Johnson Matthey PLC is selling its gold and silver refineries for £118 million as the company shifts its attention to its core chemicals and technology operations.
Japan’s Asahi Holdings will take control over the plants in Salt Lake City, USA and Brampton in Canada, which employ around 340 people. Those facilities melt down old jewelry, mining ore and discarded industrial materials into gold and silver bars.
For the full-year ended March, the refineries reported sales of £44 million, with returns of approximately 25%. However, for the half-year Johnson Matthey posted a 23%-sales decline in those businesses due to lower prices and described the environment as “challenging.”
Johnson Matthey did not specify weather plunging gold and silver prices influenced its decision to dispose of the refineries. The metals have lost 12% and 18% since March, respectively, as the US dollar strengthened amid recovery in the worlds biggest economy.
“We think this is a sensible move given the midterm outlook for gold/silver prices remains unpromising and there are few synergies with the rest of the group,” said Adam Collins, analyst at Liberum, cited by the Financial Times.
Johnson Mattheys CEO Robert MacLeod said the sale of the refineries is a part of the companys “long term strategy” to shift its focus on utilizing its know-how in chemicals in order to provide high technology solutions.

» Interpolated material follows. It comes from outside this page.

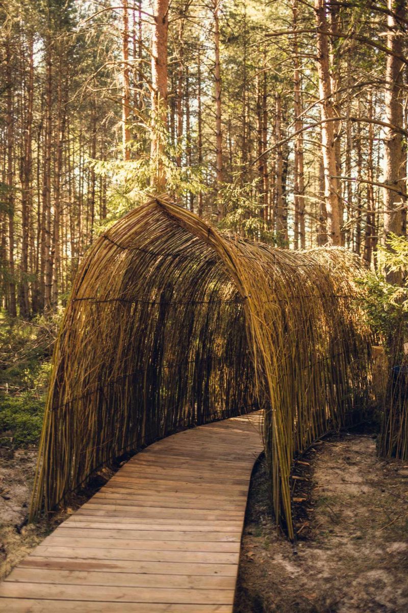 В основе тропы – интеграция телесных, сенсорных и метафорических практик, направленных на восстановление психоэмоционального ресурса. Маршрут протяженностью 1200 м включает 14 арт-объектов, каждый из которых символизирует определенное внутреннее состояние или этап жизненного пути. Тропа разделена на два этапа – «Очищение» и «Наполнение» – и сопровождается иммерсивным аудиоспектаклем, созданным специально под маршрут. Каждый объект активирует одно из чувств: слух, зрение, осязание, обоняние, интуицию. Путь выстроен как последовательная система переходов: от снятия ментального напряжения к восстановлению контакта с собой, от работы с тревогой и сомнениями – к принятию, зрелости и родовой памяти. Проживать можно в экодомах отеля «Ново-Окатово», где есть банный комплекс с купелью на берегу Волги, проводятся занятия йогой, стояние на гвоздях, медитации.

Under that plan, Johnson Matthey will retain its platinum production facilities in UK and the US, as they have substantial importance for the companys leading catalyst manufacturing businesses. In the past few years, Johnson Matthey has made efforts to be seen as an advanced materials company and not another maker of gold and silver bullion.
The all-cash agreement is expected to close by the end of March 2015.

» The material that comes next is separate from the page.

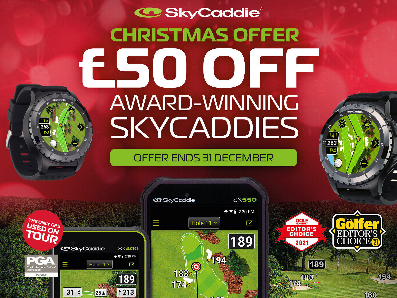 SkyCaddie is offering a special advertising-supported Christmas Promotion of £50 off its – award winning GPS range including the new SX550, the compact SX400 and the LX5 and LX5C GPS Smart Watches.

In Ocbtober, Johnson Matthey said it is buying Clariants energy storage division for £46 million, marking its third acquisition in the segment within two years.
Johnson Matthey PLC lost 2.50% on Friday and closed at GBX 3 201 in London. On Monday the stock gained 1.47% to trade at GBX 3 248 at 14:41 GMT, marking a one-year increase of 2.78%. The company is valued at £6.56 billion. According to the Financial Times, the 13 analysts offering 12-month price targets for have a median target of GBX 3 600, with a high estimate of GBX 4 050 and a low estimate of GBX 2 900. The median estimate represents a 12.46% increase from the last close price of GBX 3 201.